Após o jantar, naquele restaurante francês...

A filha, cabisbaixa e suspirante:

- Mamãe, eu preciso lhe falar!

A mãe, com voz solícita e infantil:

- U ti foi filha?

A filha, com voz entediada:

- É sobre o Saulo... O nosso casamento não vai bem e... vamos nos separar.

A mãe. Com voz chorosa:

- Mas o que foi que aconteceu, querida?

A filha, com certa indiferença:

- Incompatibilidade generalizada: Eu gosto de caviar, ele gosta de trufas... Eu gosto de champanhe  francesa, ele gosta de whisky escocês... Eu gosto de Paris, ele de Nova York...
 
A mãe, ainda com voz chorosa:

- Oh querida! Eu lhe avisei tanto! Desde o início achei que você estava se precipitando! Preferia que você tivesse se casado com o Plínio - um diretor bem sucedido de uma empresa multinacional sólida! Mas você preferiu um diplomata!...

A filha, com ar de impaciência:

- Mamãe, não vamos discutir isto agora, tá bom?

A mãe, com ar grave:

- Olha, você faz o seguinte: Hoje mesmo vou procurar o Dr. Danilo. Ele é excelente advogado e cuidará de todos os detalhes para resolver esta situação desconfortável.
Você vai pra Europa. Passa uns tempos lá, e quando a papelada estiver pronta por aqui a gente te avisa e aí você volta.
Hoje, você fica aqui em casa... Ou, se preferir, pode ficar em um dos apartamentos nossos... Ou nossa casa de campo... Ou a de praia... Enfim, como e onde você quiser. O Dr. Danilo vai conseguir acertar uma boa pensão e a partilha dos bens.
...
Não se esqueça de trazer aqueles 2 quadros do <i>Rembrant</i> que eu te dei. Eles me foram dados por seu pai, na primeira vez em que visitamos a França.
São a única lembrança que tenho do meu segundo casamento!

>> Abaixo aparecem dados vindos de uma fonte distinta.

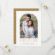 Meddela din bröllop-dejt i stil med vår moderna fotofilm spara datumet. Datumkortets enkla sparande innehåller förlovningens foto i ett vitt fack ram. "Spara datumet" visas i guld moderna serif och script typsnitt med vit bakgrund. Anpassa framsidan av datumet för att spara datumet genom att lägga till namn, datum för bröllop och plats för bröllop. Kortet återgår till visning vid guld och vit rand mönster.

E após alguns segundos de silêncio, com ar de desprezo:

- E ainda dizem que casamento é pra toda a vida... "Até que a morte os separe"...

A filha, com desdém:

- Poisé mamãe: o casamento morreu !!!

A mãe, batendo palminhas e sorrindo:

- Daremos uma festa pra comemorar sua volta ao lar!

 
Cena II

Depois da macarronada naquele almoço de domingo...

A filha, com o olhar perdido no esqueleto que restou do frango, na travessa sobre a mesa:

- Mãe, o bicho tá pegando!

A mãe, com a testa franzida:

- O que foi, criatura?

A filha, com lágrima nos olhos:

- O meu casamento com o Epifânio... Esvaiu-se!

A mãe, com visível surpresa:

- Como assim "esvaiu-se"?

A filha, já em prantos:

- É mãe, esvaiu-se, acabou-se, escafedeu-se!

A mãe, com desgosto:

- Mas o que foi que aconteceu afinal?

A filha, tentando se controlar e enxugando o rosto:

- Trabalha, trabalha e nunca tem dinheiro pra nada... Exceto pra tomar cerveja com os amigos. Bebe muito.. Fuma muito... Ronca... Lá em casa, falta tudo... É sempre tudo medido e apertado. E agora, perdeu o emprego! Não agüento mais! Vou me separar!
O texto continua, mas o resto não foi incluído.